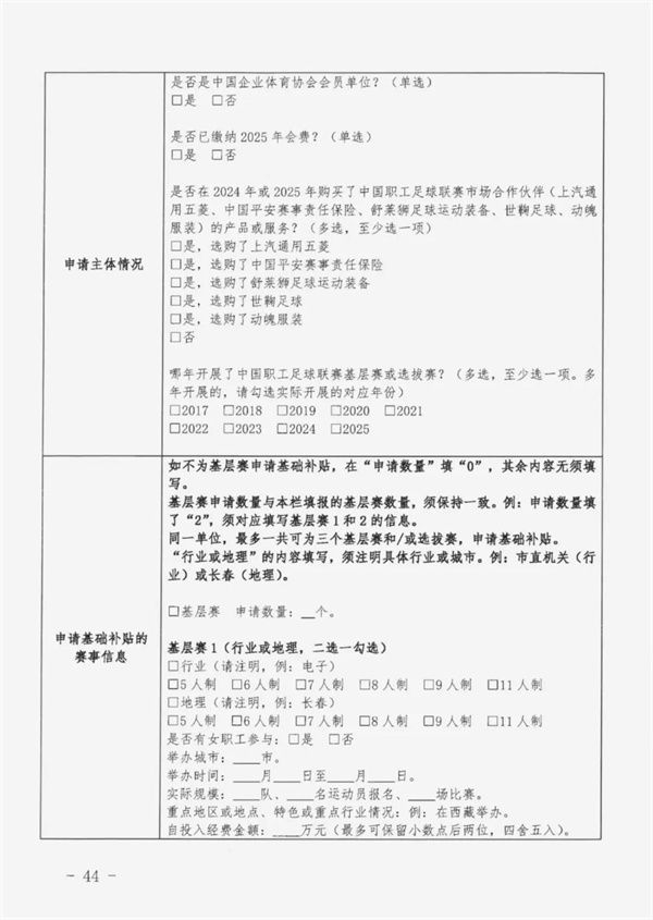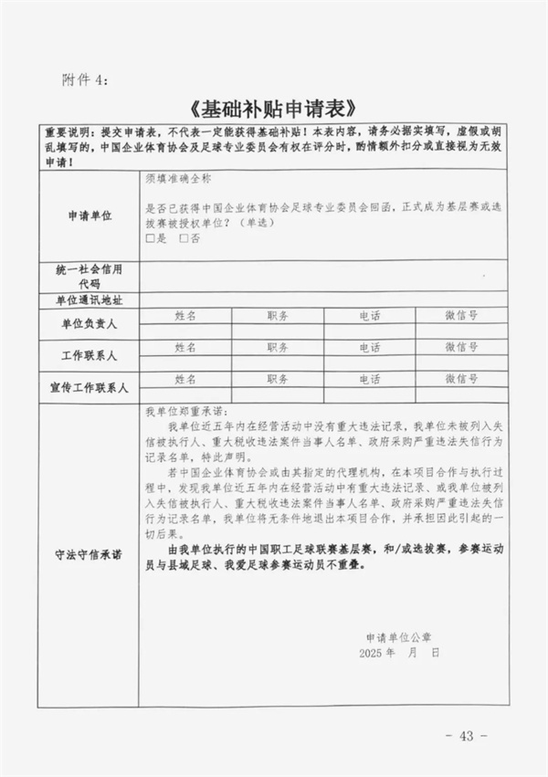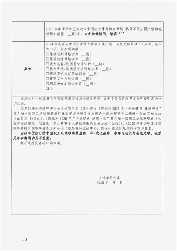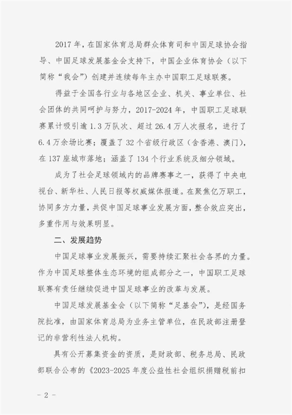 为深入贯彻落实《中国足球改革发展总体方案》(以下简称“《足改方案》”,助力中国足球事业发展振兴,在中国职工足球联赛发展并运行九年的基础上,优米下载app制定了《鼓励对2025年“全民健身 健康中国”第九届中国职工足球联赛进行社会资金捐赠及计划遴选一部分赛事予以基础补贴的实施办法(试行)》(以下简称“《实施办法》)(附件1),现正式印发。
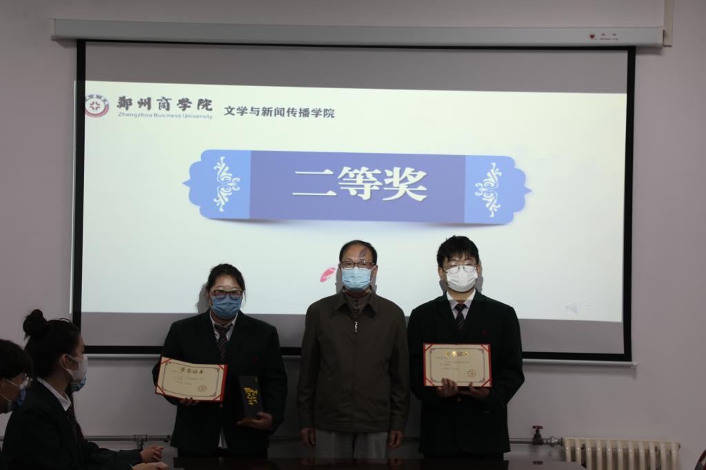 文学教研室主任贾海涛老师为获得优秀奖的同学颁奖
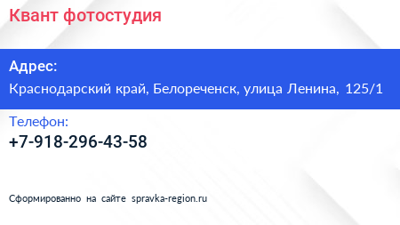 Квант, фотостудия по адресу Краснодарский край, Белореченск, улица Ленина, 125/1 в дальнейшем Организация, размещена в следующих категориях:
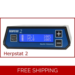 These advanced controllers can be used for precision temperature control, lighting control, and even humidity control. Housed in desktop style cases they can easily sit on top of your rack, cage, or incubator. Dual proportional temperature controlling modes (Dimming or Pulse) are built in so you can choose the mode that works best with your setup. A built in soft startup feature will slowly add power on initial starts as well as a user selectable ramping between day and night time temperature settings. A new revolutionary auto power matching algorithm constantly adjusts the power output to get the best regulation possible. We also added new AC control code that lets the device adjust power in 100 steps to be able to finely tune the heating equipment. High and low temperature tracking and audible alerts are standard. Possibly one of the most important new features is the built in safety relay that can disconnect power to the outlets in case of a solid state control failure as well as a timeout function that can cut power if the user's low temperature is not reached within 30 minutes. Three prong grounded outlets are standard assuring compatibility with most heating devices. The Herpstat 2 adds a second outlet/probe and has independant settings.
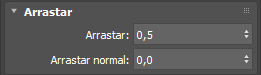 - Exibe a implementação de Arrastar que aplica uma força para emular arraste, puxando velocidades de partículas individuais gradualmente para a velocidade do campo. O efeito causado é semelhante ao do vento. Isso acelera as partículas que se movem com velocidade inferior à do campo e desacelera aquelas que se movem com mais rapidez, ao contrário das outras opções que sempre adicionam velocidade às partículas.
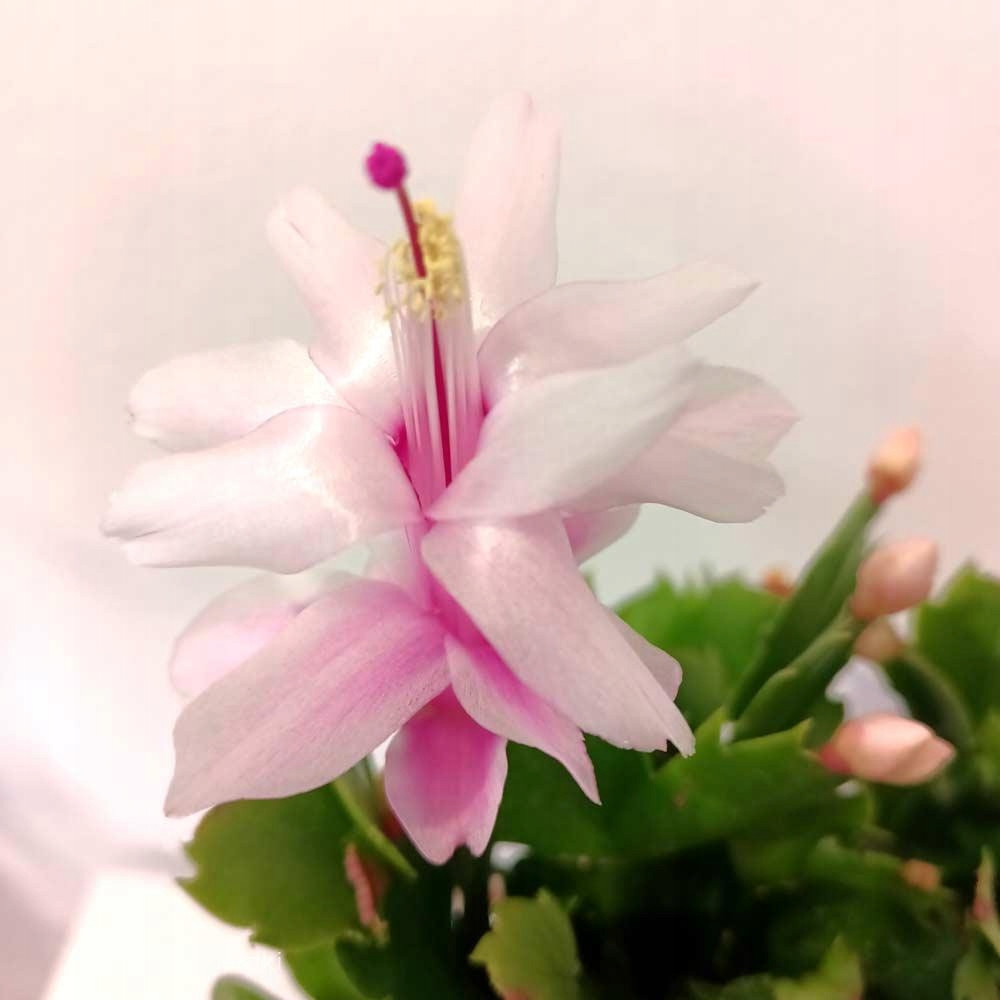 Schlumbergera Anapolis Pink, znana jako grudnik lub kaktus bożonarodzeniowy, to wyjątkowa roślina doniczkowa, która potrafi ożywić każdy zimowy dzień swoim pięknym kwitnieniem. Jej mięsiste, segmentowane łodygi w odcieniach ciemnej zieleni są uzupełnione jasno- różowymi kwiatami, które rozkwitają w okresie świątecznym, tworząc niezwykły kontrast i przyciągając wzrok. Schlumbergera to prawdziwa ozdoba domu, która wprowadza atmosferę ciepła i radości w najchłodniejszych miesiącach roku.
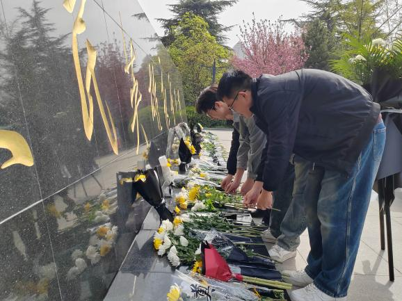 全体师生整齐列队于烈士纪念碑前。缅怀仪式由公司研究生会主席纪裕伟主持,全体师生肃立默哀,向为民族独立、人民解放献出生命的英烈致以崇高敬意。随后,老师及员工代表缓步上前敬献挽联,寄托对先烈的深切追思。
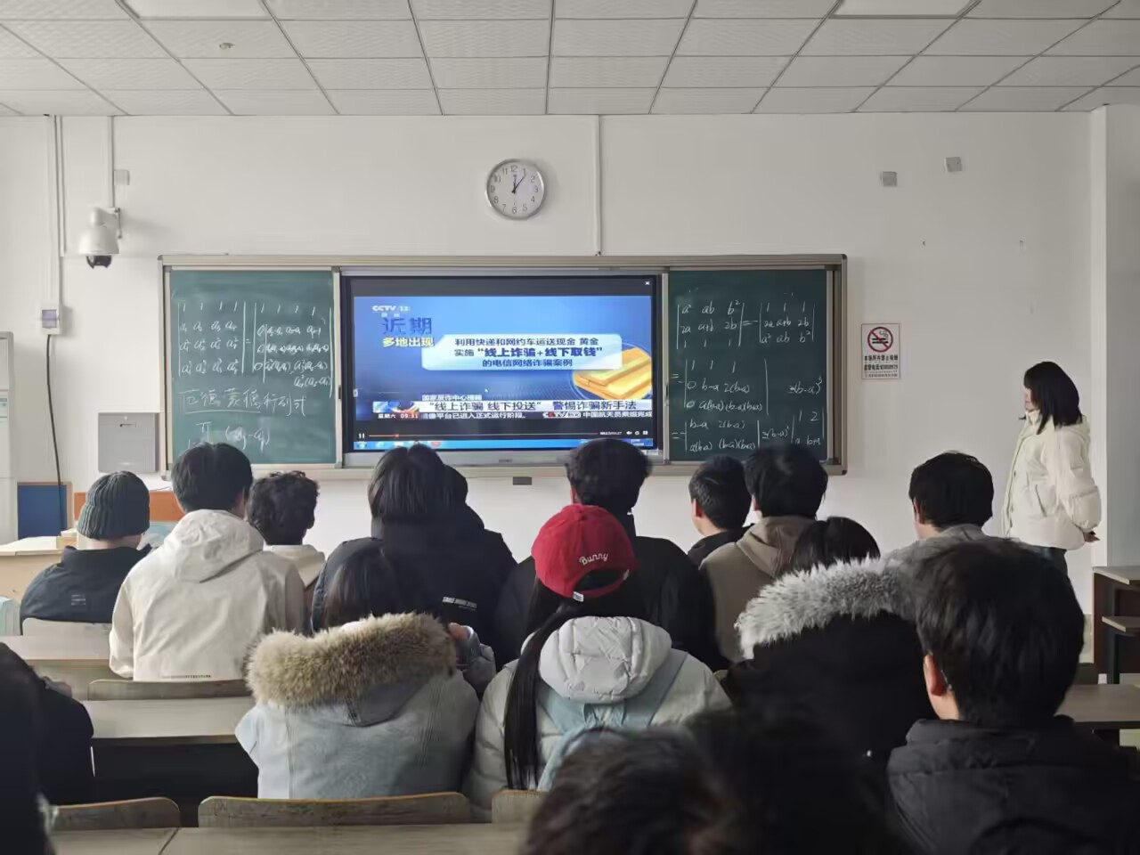 视频观看结束后,殷雨欣结合校园和班级的日常实际,对反诈知识进行了补充讲解。她提醒同学们在日常学习生活中要提高警惕、擦亮双眼,严格做到“不轻信、不透露、不转账”,自觉远离各类诈骗陷阱;同时鼓励大家将本次学到的反诈知识分享给家人和朋友,以个人带动身边人,共同构筑全民反诈的安全防线。
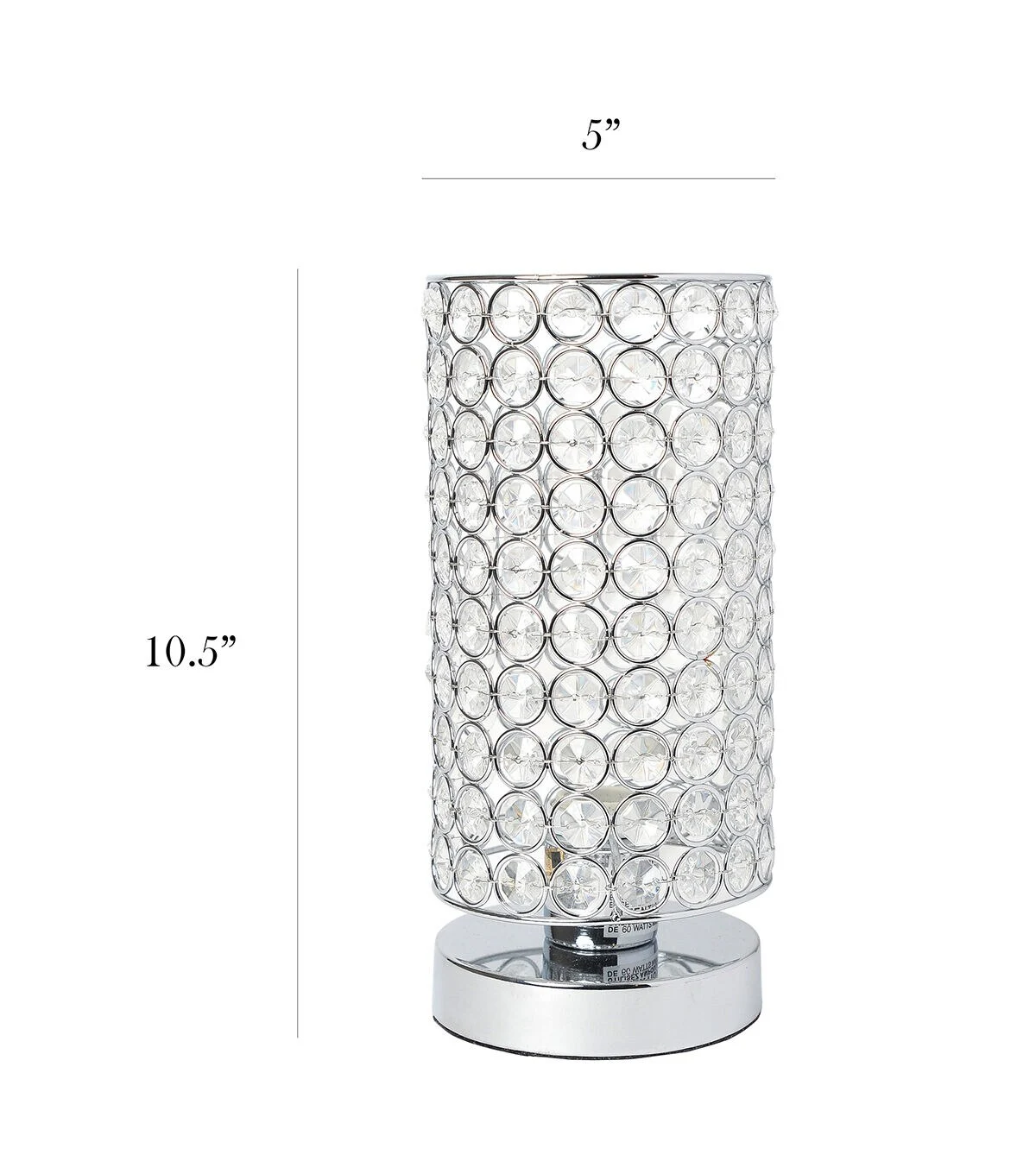As part of Elegant Design's Elipse collection, this stunning crystal and chrome table lamp is designed to offer a feel of elegance and glamour to any room in your home and/or place of business. A cylinder of K5 crystals built on a solid raised chrome base casts a warm, sparkling glow during use of the lamp. Like many of the other items in this collection, these pieces will upgrade your basic lamp to embody a more modern and contemporary feel to your decor. Combine this lamp with any of the others in the Elipse collection for mix and matching pieces!

○ ○ ○ ○ ○ ○ ○

» WORK INSTRUCTION: In your answer, give every line of the listing above exactly, and do not include the images.

» SOLUTION:
 为深入贯彻落实《中国足球改革发展总体方案》(以下简称“《足改方案》”,助力中国足球事业发展振兴,在中国职工足球联赛发展并运行九年的基础上,优米下载app制定了《鼓励对2025年“全民健身 健康中国”第九届中国职工足球联赛进行社会资金捐赠及计划遴选一部分赛事予以基础补贴的实施办法(试行)》(以下简称“《实施办法》)(附件1),现正式印发。
 文学教研室主任贾海涛老师为获得优秀奖的同学颁奖
 Квант, фотостудия по адресу Краснодарский край, Белореченск, улица Ленина, 125/1 в дальнейшем Организация, размещена в следующих категориях:
 These advanced controllers can be used for precision temperature control, lighting control, and even humidity control. Housed in desktop style cases they can easily sit on top of your rack, cage, or incubator. Dual proportional temperature controlling modes (Dimming or Pulse) are built in so you can choose the mode that works best with your setup. A built in soft startup feature will slowly add power on initial starts as well as a user selectable ramping between day and night time temperature settings. A new revolutionary auto power matching algorithm constantly adjusts the power output to get the best regulation possible. We also added new AC control code that lets the device adjust power in 100 steps to be able to finely tune the heating equipment. High and low temperature tracking and audible alerts are standard. Possibly one of the most important new features is the built in safety relay that can disconnect power to the outlets in case of a solid state control failure as well as a timeout function that can cut power if the user's low temperature is not reached within 30 minutes. Three prong grounded outlets are standard assuring compatibility with most heating devices. The Herpstat 2 adds a second outlet/probe and has independant settings.
 - Exibe a implementação de Arrastar que aplica uma força para emular arraste, puxando velocidades de partículas individuais gradualmente para a velocidade do campo. O efeito causado é semelhante ao do vento. Isso acelera as partículas que se movem com velocidade inferior à do campo e desacelera aquelas que se movem com mais rapidez, ao contrário das outras opções que sempre adicionam velocidade às partículas.
 Schlumbergera Anapolis Pink, znana jako grudnik lub kaktus bożonarodzeniowy, to wyjątkowa roślina doniczkowa, która potrafi ożywić każdy zimowy dzień swoim pięknym kwitnieniem. Jej mięsiste, segmentowane łodygi w odcieniach ciemnej zieleni są uzupełnione jasno- różowymi kwiatami, które rozkwitają w okresie świątecznym, tworząc niezwykły kontrast i przyciągając wzrok. Schlumbergera to prawdziwa ozdoba domu, która wprowadza atmosferę ciepła i radości w najchłodniejszych miesiącach roku.
 全体师生整齐列队于烈士纪念碑前。缅怀仪式由公司研究生会主席纪裕伟主持,全体师生肃立默哀,向为民族独立、人民解放献出生命的英烈致以崇高敬意。随后,老师及员工代表缓步上前敬献挽联,寄托对先烈的深切追思。
 视频观看结束后,殷雨欣结合校园和班级的日常实际,对反诈知识进行了补充讲解。她提醒同学们在日常学习生活中要提高警惕、擦亮双眼,严格做到“不轻信、不透露、不转账”,自觉远离各类诈骗陷阱;同时鼓励大家将本次学到的反诈知识分享给家人和朋友,以个人带动身边人,共同构筑全民反诈的安全防线。
As part of Elegant Design's Elipse collection, this stunning crystal and chrome table lamp is designed to offer a feel of elegance and glamour to any room in your home and/or place of business. A cylinder of K5 crystals built on a solid raised chrome base casts a warm, sparkling glow during use of the lamp. Like many of the other items in this collection, these pieces will upgrade your basic lamp to embody a more modern and contemporary feel to your decor. Combine this lamp with any of the others in the Elipse collection for mix and matching pieces!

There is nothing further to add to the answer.